I am looking for a tv to mount on the wall of our new living room. The room is part of an open floor plan with the kitchen and a separated sun room. It has 15 foot cathedral ceilings and a couple skylights. So, it has to be a tv that will work well in fairl well lit room.

I want a tv somewhere between 46 & 60 inches. I need to stay below $1000 and the only feature besides a really good picture that I care about is wi-fi if possible. But I do not want to sacrifice picture quality for that feature. No need for 3D at all as we have that in our theater.

Any suggestions of models and vendors would be appreciated.


----------



## Jungle Jack (Jul 28, 2009)

lv2pitch said:


> I got some fantastic advice for my home theater system in the house we are currently building in the reccomendations thread on this site. So, I thought I would lean on the expertise one more time.
> 
> I am looking for a tv to mount on the wall of our new living room. The room is part of an open floor plan with the kitchen and a separated sun room. It has 15 foot cathedral ceilings and a couple skylights. So, it has to be a tv that will work well in fairl well lit room.
> 
> ...


Hello,
Given the Ambient Light, I think an LCD Panel would definitely be the way to go. In addition, as LCD's do not use Glass Panels like Plasmas, they are also far lighter. As WiFi has become pretty much commonplace in quality Panels, you really will not have to look hard to find a model that is in your price range so equipped.

As for brands, I really am quite happy with my Sony LCD. Panasonic, Vizio, Samsung, and Sharp are also good choices. Personally, I would go for the largest one I could find On Sale when you are ready to pull the trigger. Costco offers some great deals if you happen to have one in your area. I personally have purchased most of my TV's at Best Buy as there are often some great deals in the Weekly Flier that comes out each Sunday. As 3D is not of major importance I am guessing, you should be able to find a 55-60 inch Panel with WiFi from one of the above listed brands for under $1000. I would also check out BB's Open Box offerings as Panels are one of the most reliable categories in Home Electronics and the savings can be huge.
Cheers,
JJ


----------



## rab-byte (Feb 1, 2011)

I usually agree with JJ about most eery thing he has ever written on this forum, but in this case I think I may have to disagree. Plasma can have some unexpected advantages over LCD. For starters with an attached kitchen and sunroom you may find the off angle viewing on a plasma to be better then an LCD/LED. Also with respect to glossy vs. mat screens, you'll only get glare from certain locations with a glossy screen where as with a mat screen you will see defused light clouding the screen from all angles. We can also mitigate the reflection issues by mounting the screen around eye level on a tilting mount. This will send much of your potential reflections to the ground, or at least not to your eye. 

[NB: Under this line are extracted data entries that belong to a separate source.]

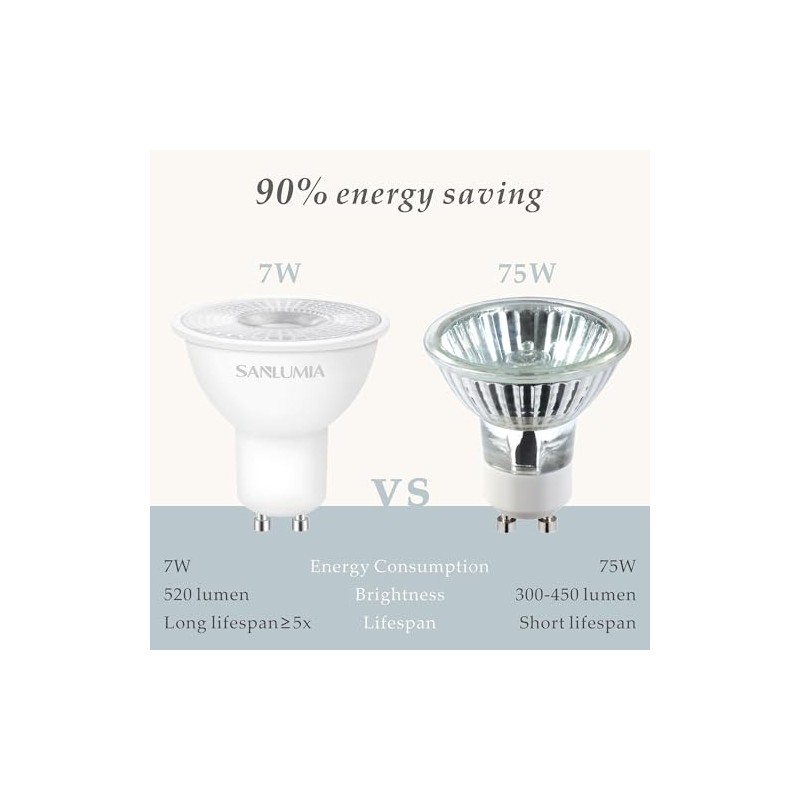 sanlumia sanlumia 10 X 7W Gu10 LED Dimmable Bulbs 520 Lumen Recessed Spotlight Warm White Bulbs 75W Halogen Equivalent 3000K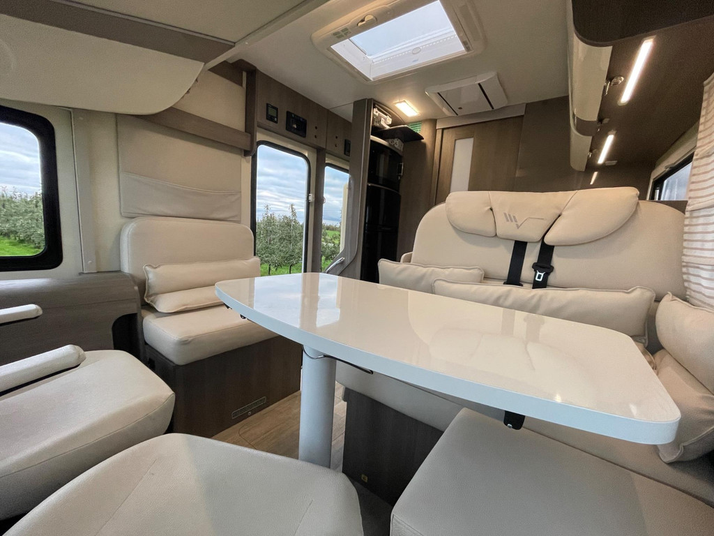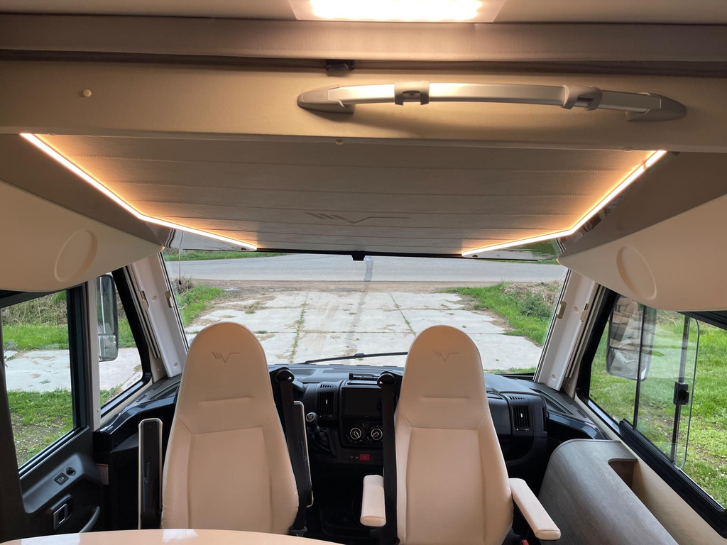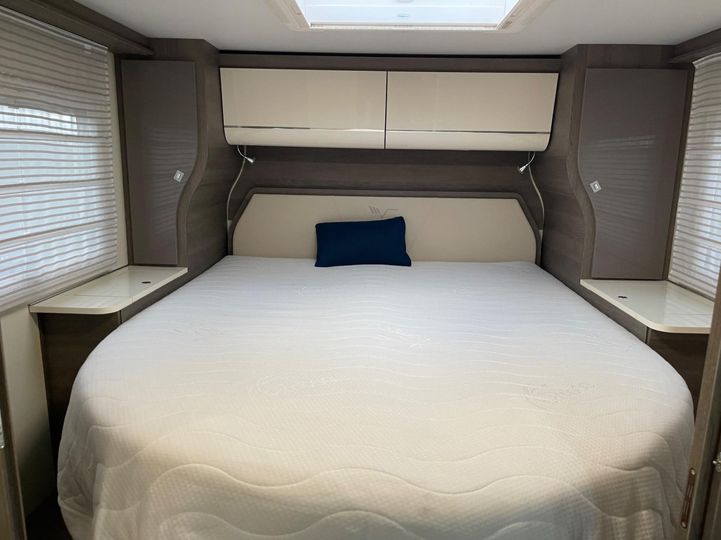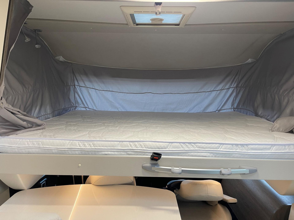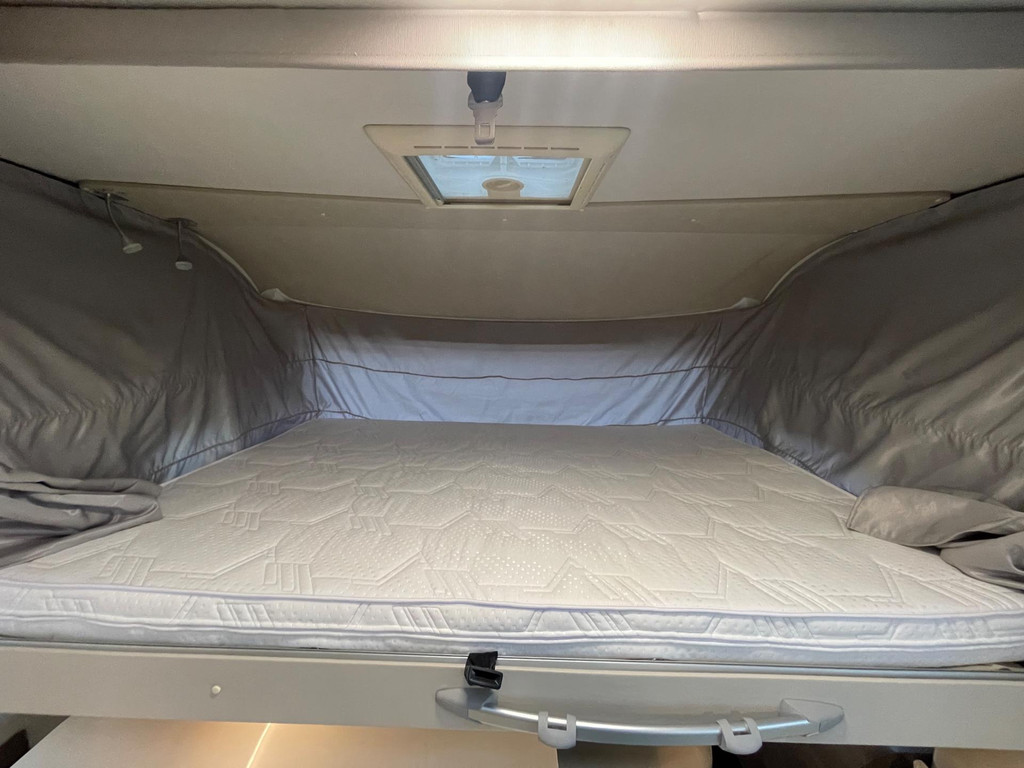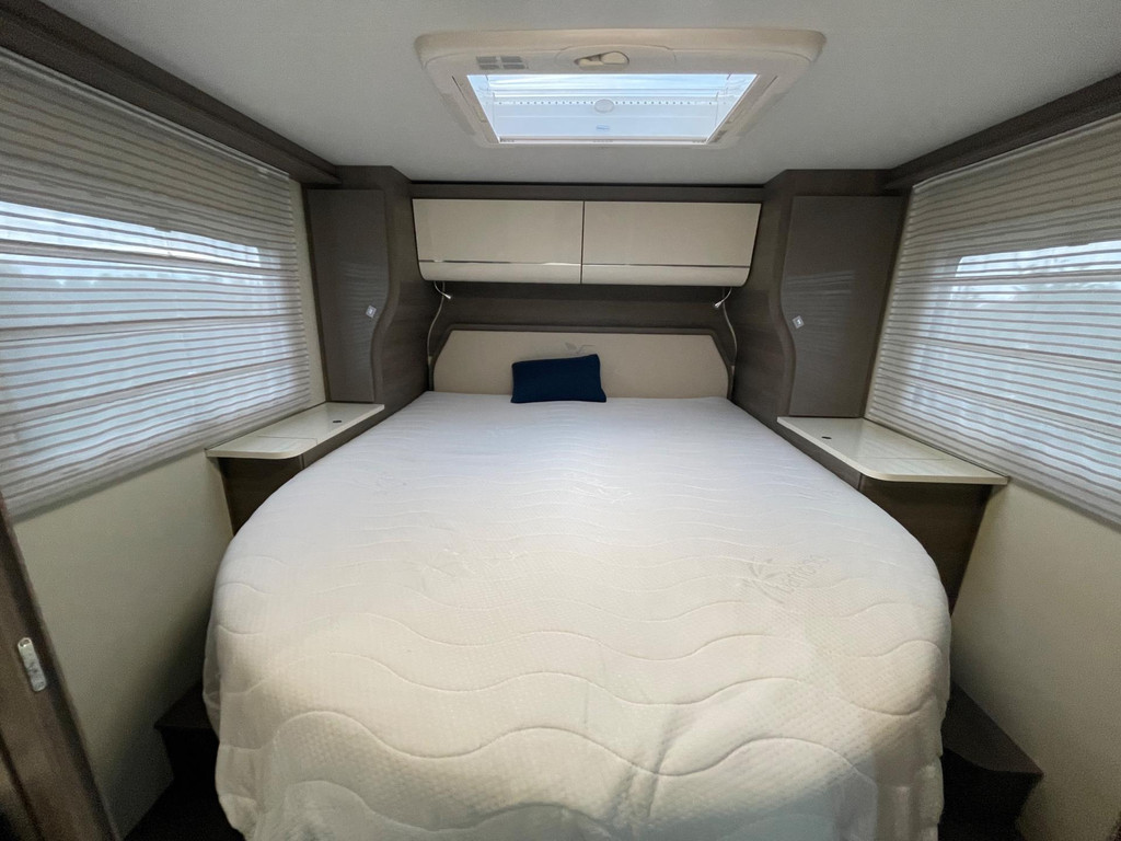 Airco woongedeelte, witte leren bekleding, televisie, schotel, zonnepaneel, fietsenrek, oven, xl koelkast + vriesvak, centrale deurvergrendeling, geurventilatie toilet, luifel, Zenec audiosysteem (nieuw) met achterrijcamara en Apple CarPlay. Indeling van de camper Zeer moderne interieur: Slaapgedeelte, Queens bed, aan beide zijde hangkasten + nachtkastjes met opbergruimte. Leeslampjes + sfeerverlichting achter het bed. Opbergruimte onder het bed. Schuifdeur om slaapgedeelte af te sluiten. Aparte douche en toilet. Schuifdeur tussen woon en wasgedeelte. Keuken 2x apothekerkasten, boven en onderkasten + besteklade, 3 pits gas toestel. Xl koelkast + extra vriesvak, gasoven. Woongedeelte: 2 banken met leren kussens, 2 verstelbare stoelen + verstelbare tafel. Verduisterend schuifsysteem voor ramen + extra zonsverduistering tijdens het rijden. 2 opbergvakken in de vloer. Hefbed met verlichting. Camper is voorzien van overal mooie sfeerverlichting. XL garage. Buitenverlichting, luifel en stopcontact buiten incl. Tv aansluiting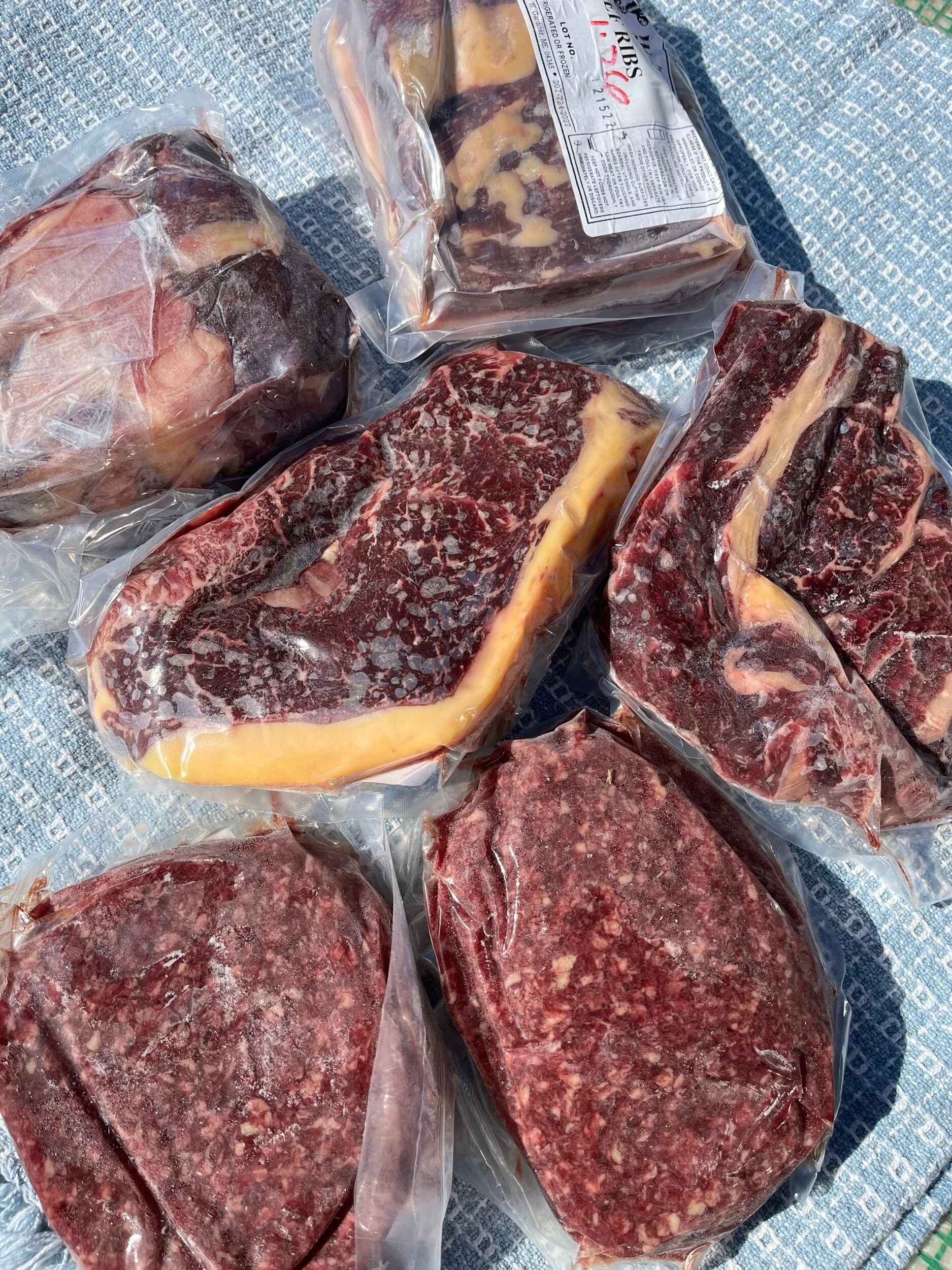 This is a 10# sampler pack with Ground beef, soup bones, and steak.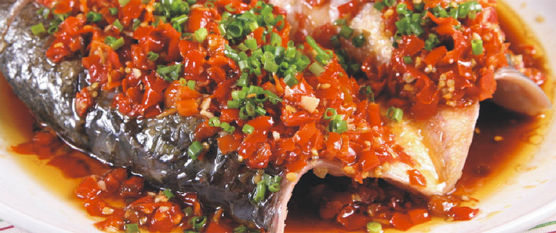 剁椒魚頭屬湘菜系,是湘潭的一道名菜。據(jù)說可以追溯到雍正年間,當(dāng)時(shí)正大興文字獄,著名的反清文人黃宗憲,在出逃的路上,途經(jīng)湖南的一個小鄉(xiāng)村,借住在一個貧苦的農(nóng)戶家。怡好農(nóng)戶的兒子從田間池塘中捕回一條河魚,解了女主人的巧婦之愁,于是就用河魚做菜。魚洗凈后,魚肉放鹽煮湯,再用自家產(chǎn)的辣椒剁碎后與魚頭同蒸,不想黃宗憲吃了覺得非常鮮美?;丶液?,他讓家里的廚師將這道菜加以改良,于是便有了今天的“剁椒魚頭”。

As for issues with luminance LED does have plasma beat hands down. I've calibrated LEDs in bright rooms that still had to have their brightness cranked to even see a pluge pattern and I've calibrated plasmas that looked bright and crisp at ~30 FL even with noon day sun. That's not to say that LED is bad. They are not at all bad, and you my indeed benefit from an LED in your case. Much of it comes down to viewing habits. Light at sunrise/set. Budget (you can get bigger with plasma usually). 

Conventional wisdom says LCD/LED for bright rooms and video games. Plasma for dark rooms and for the best black levels. I'm just saying its more complicated then this.


----------



## Jungle Jack (Jul 28, 2009)

Excellent points. For some reason I thought this TV was going to be setup in the kitchen. My GF has 2 Pit Bulls that are staying here and managed to wake me up at 7:00 when we were up until 4am. I truly become an idiot when I sleep this little as I recommend Plasmas almost exclusively for Living Rooms. Somehow, even with the Thread Title, the takeaway I got was the kitchen. Do bear in mind since I added HDTV's to my other Forums I Moderate, the number of Emails I receive with new Threads has gone up at least 25%. If anyone wishes to throw a Benefit Concert for me, I am down... 

All the same, I do think LCD's have come a long way in respect to Black Levels and depending on the Ambient Light levels still do think an LCD still might be the way to go. Especially if a Swivel Mount is going to be used due to the weight savings on an LCD Panel.


----------



## lv2pitch (May 3, 2012)

This Tv is in the living room, but JJ gets a pass on that goof considering all he has done for me.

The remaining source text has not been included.